How to reach a stable state after Mnesia nodes disconnect?

danyalmh · March 19, 2022, 3:05pm

Hi,

If a mnesia replicated node disconnect from master,
show a message similar like: ( inconsistent )

my question is here,

nodes can auto reconnect ??
how reach to stable state ??
other distributed DB how solved this problem ??

jchrist · March 19, 2022, 8:16pm

Hi there,

I believe mnesiac implements automatic reconnections to mnesia nodes. From my understanding it will copy over data from other nodes when a node comes online.

For network inconsistencies, there’s unsplit, which does the following:

Unsplit starts a subscription on the ‘partitioned network’ event, and forces Mnesia to merge the “islands” that have been separated. It inserts itself into the schema merge transaction, claiming table locks on all affected tables. It then runs user-provided merge callbacks for each table, fetching data from one side, comparing the objects, and writing back the data that should be kept.

That said, I think with the upcoming OTP 25 release partition events should be prevented by OTP itself somewhat (see the “global will now by default prevent overlapping partitions due to network issues” point).

This is probably a bit much too go into detail in a single post - the Dynamo paper is definitely a good read if this interests you, Riak was also inspired by it. As for how Riak stays available when nodes disconnect:

Writes are routed by consistent hashing over the ring
Each data item is replicated to a configurable amount of other ring partitions (therefore distributing it across nodes)
If a node goes down, another node temporarily takes over handling that node’s writes.

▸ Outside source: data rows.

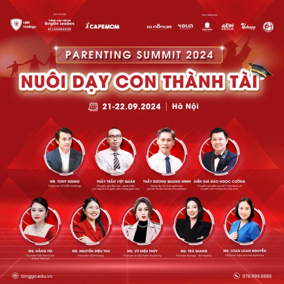 Hội thảo “Parenting Summit 2024 - Nuôi Dạy Con Thành Tài” là chương trình có quy mô lớn nhất trong năm do Tiếng Anh trẻ em BingGo Leaders cùng các đối tác phối hợp tổ chức. Với những chia sẻ thiết thực từ các chuyên gia hàng đầu Việt Nam, sự kiện hứa hẹn mang đến nhiều phương pháp giáo dục đột phá và kỹ năng hiện đại mà bất kỳ bậc phụ huynh nào cũng cần nắm vững trên hành trình dẫn dắt con mình vượt qua thử thách, chinh phục mọi ước mơ và vươn tới đỉnh cao thành công.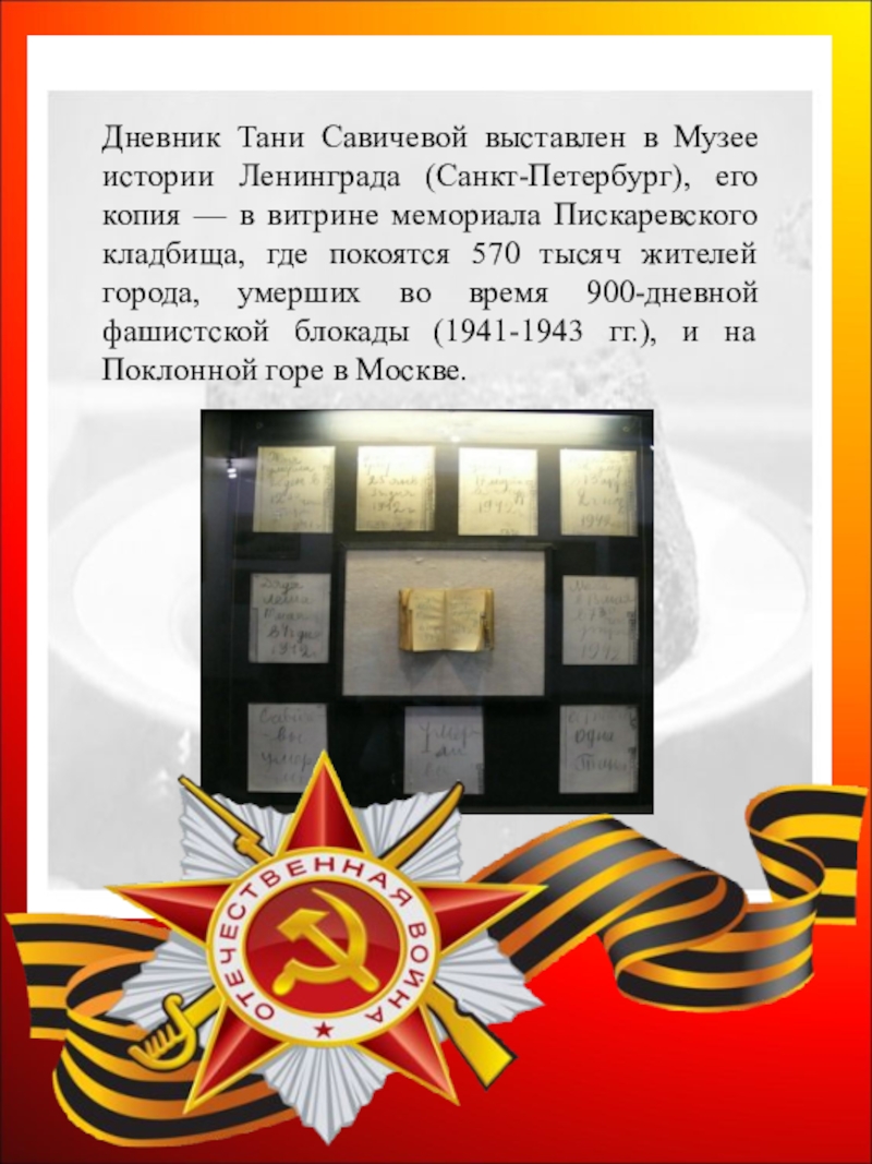 Слайд 44Дневник Тани Савичевой выставлен в Музее истории Ленинграда (Санкт-Петербург), его копия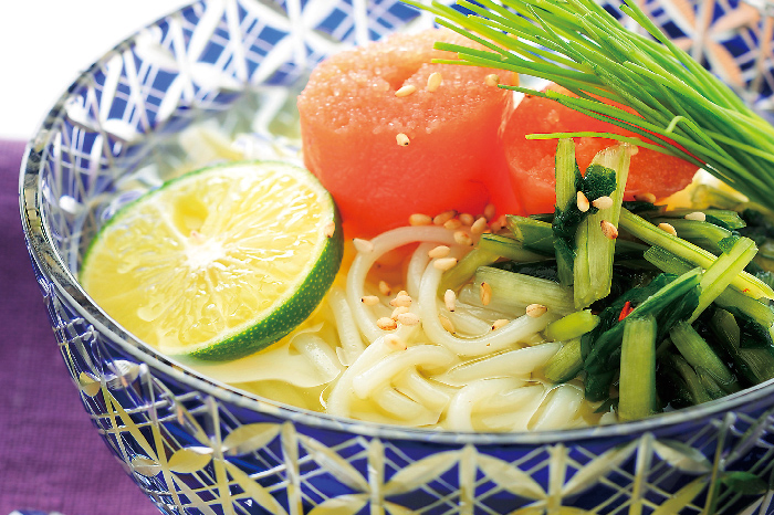 - 器に2の半田めんを盛り、1のつゆをかけます。たらこ、刻んだ壬生菜の漬け物、芽ねぎをのせ、仕上げに白ごまをふってすだちを添えれば完成です。具材はお好みでアレンジしていただけます。

If the node comes back online, the takeover propagates the new data back to the old host, and everything continues as normal

All of this works fine as long as the ring is available, which is achieved by having enough nodes online such that quorum on the ring is achieved.

al2o3cr · March 19, 2022, 10:06pm

Turns out a lot of them haven’t, at least not all the way. There’s a lot to learn from these analysis reports about how distributed systems can fail:

https://jepsen.io/analyses